Самсон Бен-Горин подал сигнал своим людям подтянуться к банку. Они бросились с обоих концов улицы и зажали немцев между стеной и горящим грузовиком. Кое-кто из немцев укрылся в банке. Часть бойцов похватала все мешки, попавшиеся на глаза, вторая часть ворвалась в банк и взломала сейфы. Через восемь минут после выхода наверх они тем же путем вернулись обратно в канализационную систему с миллионом злотых.
* * *
Шимон Эден относился к этим акциям еще и как к наглядным примерам, доказывающим, что непобедимого врага на самом деле можно победить.
За неделю, прошедшую после засады, которую Андрей устроил на углу Низкой и Заменгоф, ставшей сигналом к восстанию, Еврейская боевая организация очистила гетто от немецких коллаборантов, увеличила свои денежные фонды более чем на миллион, установила контроль над улицами, конфисковала тонны продовольствия, разрушила два главных предприятия и освободила трудившихся там рабочих.

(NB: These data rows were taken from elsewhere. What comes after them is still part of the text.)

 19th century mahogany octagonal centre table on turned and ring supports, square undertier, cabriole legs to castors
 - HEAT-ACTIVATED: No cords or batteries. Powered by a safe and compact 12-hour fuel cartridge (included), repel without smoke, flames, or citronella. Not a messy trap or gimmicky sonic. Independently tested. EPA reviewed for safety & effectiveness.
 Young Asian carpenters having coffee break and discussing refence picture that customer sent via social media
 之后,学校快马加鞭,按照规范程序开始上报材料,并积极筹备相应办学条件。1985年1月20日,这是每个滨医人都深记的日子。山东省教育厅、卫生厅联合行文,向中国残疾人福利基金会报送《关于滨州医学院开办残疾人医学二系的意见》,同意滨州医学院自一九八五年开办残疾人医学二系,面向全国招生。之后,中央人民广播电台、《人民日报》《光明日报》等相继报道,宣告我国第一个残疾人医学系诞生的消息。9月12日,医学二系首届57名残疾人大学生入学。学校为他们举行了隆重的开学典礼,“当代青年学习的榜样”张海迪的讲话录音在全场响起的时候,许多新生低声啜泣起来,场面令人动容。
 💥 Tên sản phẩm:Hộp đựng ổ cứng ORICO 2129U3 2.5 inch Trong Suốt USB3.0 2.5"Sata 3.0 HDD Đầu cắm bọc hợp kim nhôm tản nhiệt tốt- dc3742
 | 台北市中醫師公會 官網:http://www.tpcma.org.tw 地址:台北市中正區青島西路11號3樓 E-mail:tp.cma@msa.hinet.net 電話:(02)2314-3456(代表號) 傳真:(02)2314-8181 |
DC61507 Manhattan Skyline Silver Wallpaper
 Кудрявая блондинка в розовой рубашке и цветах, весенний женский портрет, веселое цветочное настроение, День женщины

Оставалось еще два трудных дела: еврейская полиция, которая боялась высунуть нос из своих бараков, и Еврейский Совет. Так как разгром еврейской полиции диктовался местью, а акция против Еврейского Совета — практическими соображениями, вторую решили провести немедленно.

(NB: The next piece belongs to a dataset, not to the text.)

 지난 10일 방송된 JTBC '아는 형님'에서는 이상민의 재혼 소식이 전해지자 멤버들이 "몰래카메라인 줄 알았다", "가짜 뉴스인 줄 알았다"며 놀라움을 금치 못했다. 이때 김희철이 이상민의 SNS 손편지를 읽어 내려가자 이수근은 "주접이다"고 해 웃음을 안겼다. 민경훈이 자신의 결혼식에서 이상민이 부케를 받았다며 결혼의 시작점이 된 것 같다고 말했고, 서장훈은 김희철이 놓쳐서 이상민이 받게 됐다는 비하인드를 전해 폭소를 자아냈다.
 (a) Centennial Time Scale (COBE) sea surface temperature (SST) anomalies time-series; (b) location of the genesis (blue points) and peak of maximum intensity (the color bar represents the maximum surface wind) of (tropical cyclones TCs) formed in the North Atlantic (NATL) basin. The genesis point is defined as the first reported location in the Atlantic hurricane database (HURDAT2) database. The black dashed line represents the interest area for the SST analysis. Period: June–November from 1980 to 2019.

Ранним утром 1-го февраля 1943 года сто пятьдесят мужчин и женщин из Еврейской боевой организации окружили здание Еврейского Совета. Шимон Эден вышиб двери и вошел внутрь в сопровождении пятидесяти бойцов.

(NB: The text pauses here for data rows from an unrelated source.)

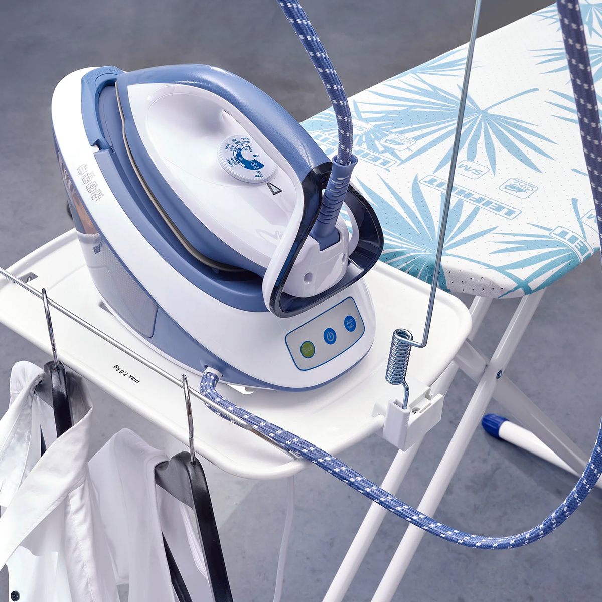 Gömlekler veya ceketler ütülemeden sonra tepsideki elbise askısı tutucusuna asılabilir. Ütüleme işleminizi elektrik kablolarının engellemesini önlemek için bir kablo tutucusu içerir. Şık avuç içi tasarımına sahip ütü masası kılıfı ile.
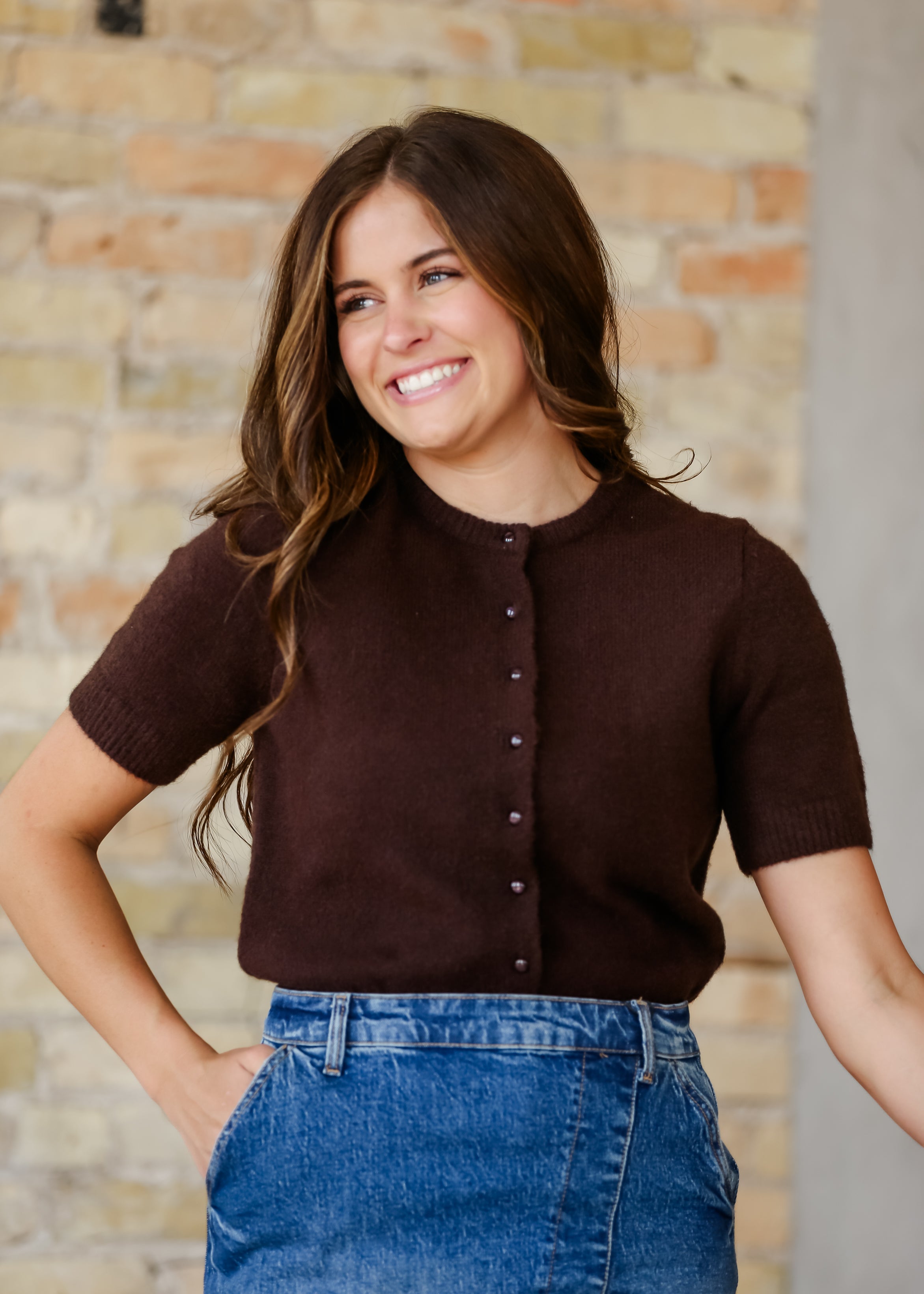 Soft, cozy, and timeless, this Short Sleeve Button Cardigan is a layering essential you’ll reach for season after season. Made from a lightweight knit with a flattering silhouette, this button-front cardigan features a modest crew neckline and ribbed sleeves for a polished finish. It’s the perfect blend of elevated comfort and versatile styling for everyday wear.
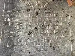 Felton died at his lodgings in Whitehall from gout in the stomach on 3 March 1709.[2] He was buried six days later at St Mary's church Playford, where his gravestone lies in the chancel. His daughter Elizabeth married John Hervey, 1st Earl of Bristol.
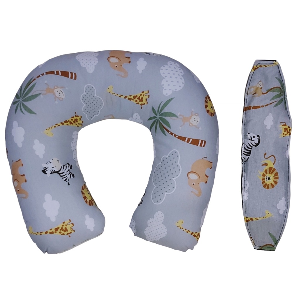 Kit Almofada de pescoço + Faixa Apoio Suporte Cabeça de Bebê Cadeirinha Carro
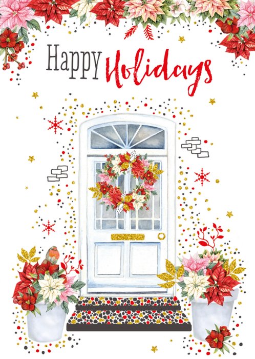 Een romantische kerstkaart om vrienden en familie fijne feestdagen te wensen. Op de voorkant van de kaart staat een gezellig verdierde voordeur met kerstbloemen en sterren eromheen. Boven de deur staat de tekst: 'Happy Holidays.'
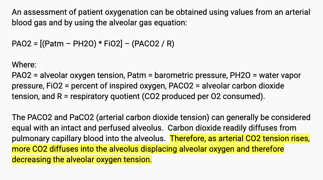Notice that if PaCo2 rises (hypercarbia), PAO2 decreases (less O2 reaching alveoli). This is because the CO2 diffusing into the alveoli displaces the O2 in the alveoli.
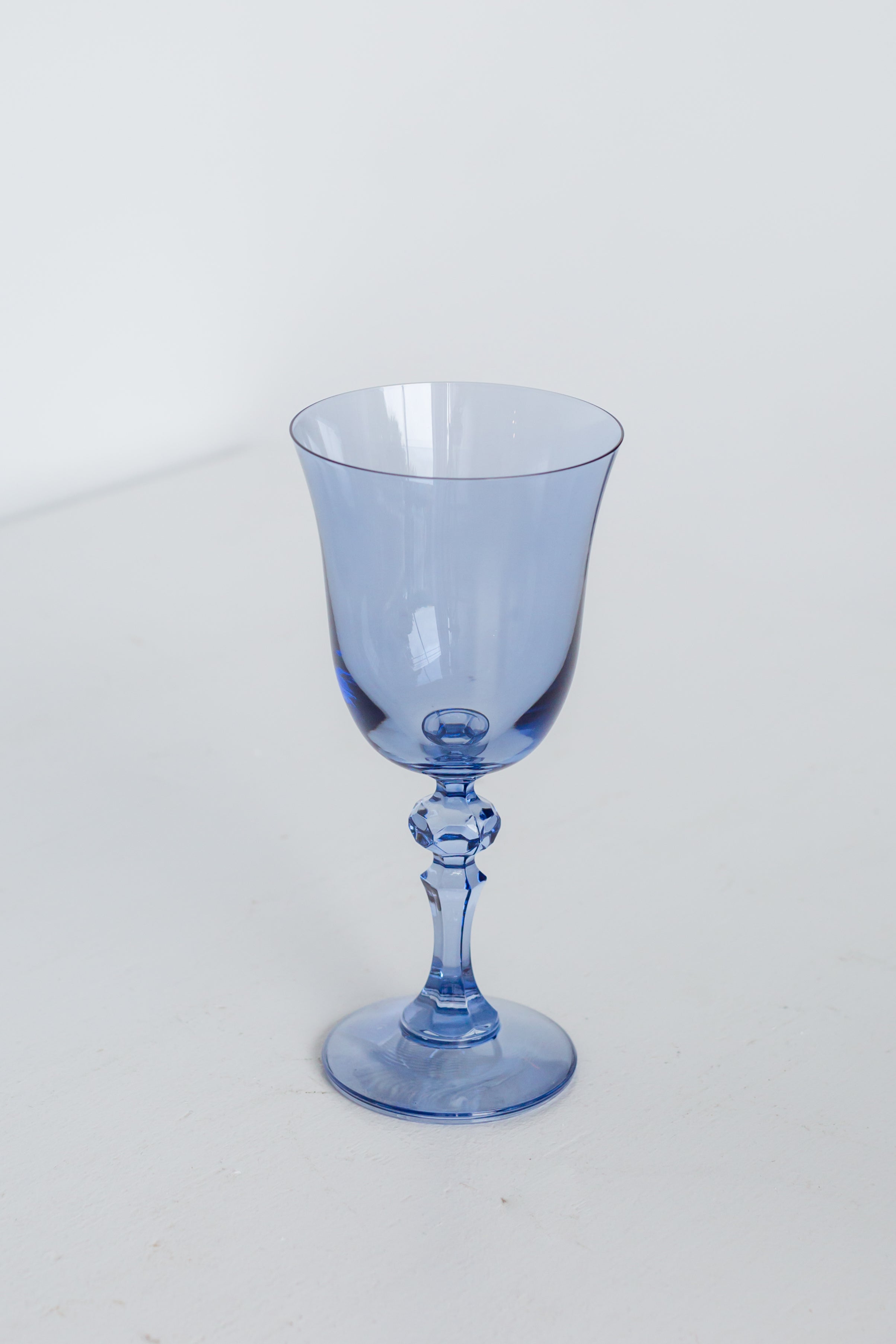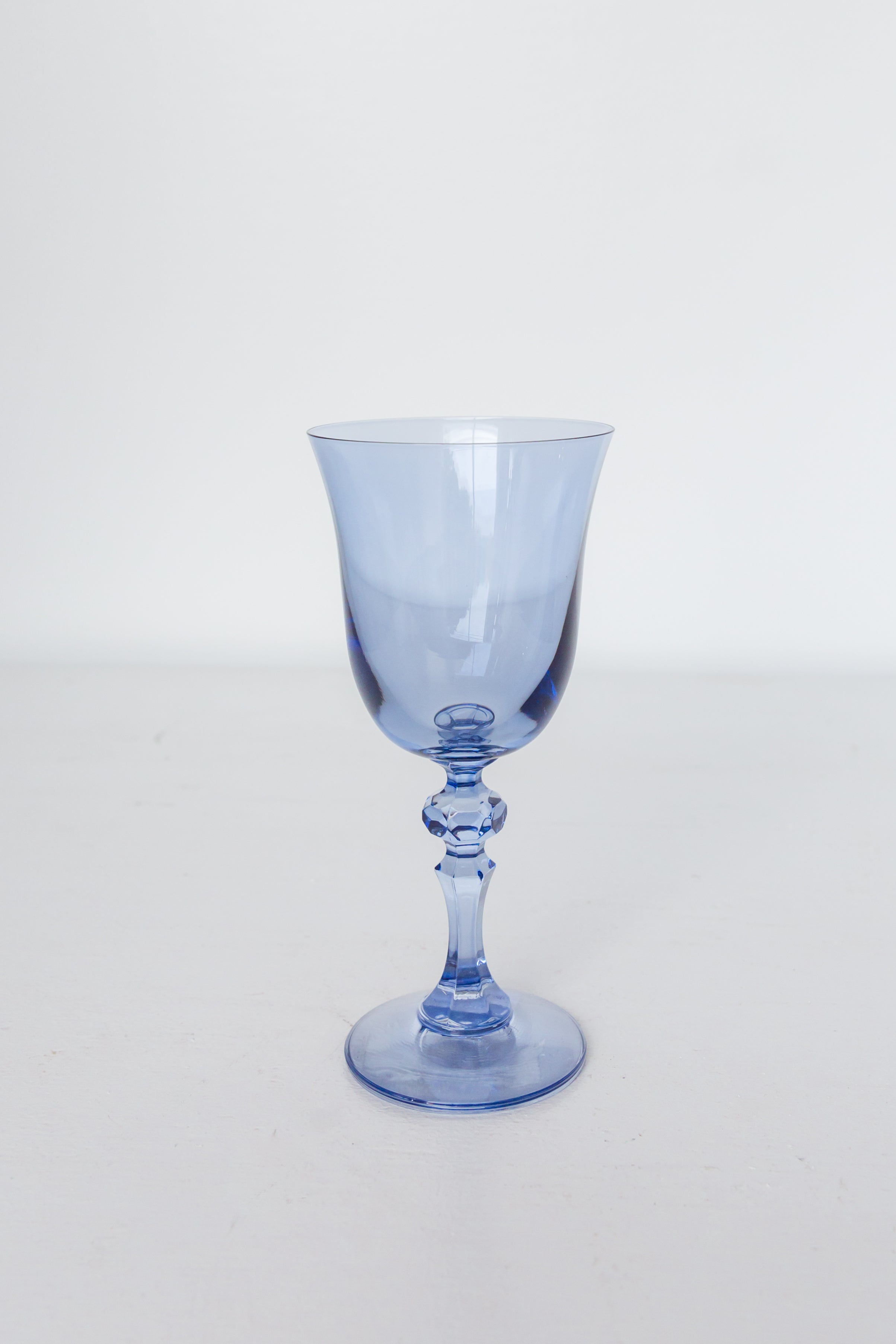 This set of two wine goblets is a wonderful addition to any table. Crafted from light blue, translucent colored glass, they have a classic wine glass design with a flared bowl, a decorative faceted stem, and a stable footed base. They are elegant and suitable for various occasions.

Из окна кабинета на третьем этаже Борис Прессер и его помощник Маринский наблюдали эту сцену.
— Быстро в приемную! — закричал Прессер. — Задержи их! Не пускай сюда!
Прессер сел за стол, пытаясь собраться с мыслями. Каждый день он звонил Рудольфу Шрекеру и докладывал о беспорядках, чинимых Еврейской боевой организацией. Борис не сомневался, что ”Рейнхардский корпус” немедленно начнет кровавые репрессии. Но проходили дни, а немцы не реагировали.
Каждый день сотрудники Прессера, укрывавшиеся с семьями в здании Еврейского Совета, умирая от страха, ждали, что он примет хоть какое-то решение. Но Борис не любил принимать решения, не любил вмешиваться во что бы то ни было. На этом он и сделал карьеру. Немцы всегда говорили ему, что он должен делать, и он это делал. Оправдание у него было одно: ”А что я мог?”
Маринский ворвался в комнату, крича сквозь слезы:
— Остановите их! Они уводят наши семьи!
— Не орите, крики не помогут. Выйдите и постарайтесь как можно дольше задержать Эдена, чтоб он не вошел сюда.
Борис запер за ним дверь и побежал к телефону. Сначала Шрекеру, потом в полицию. Нет соединения. Он в отчаянии стучал по рычагу — мертво. Прессер схватился за голову и прошмыгнул к окну. Жен и детей членов Еврейского Совета выводили на улицу под дулами пистолетов. Шум в коридоре. Стук в дверь. Стучат настойчиво.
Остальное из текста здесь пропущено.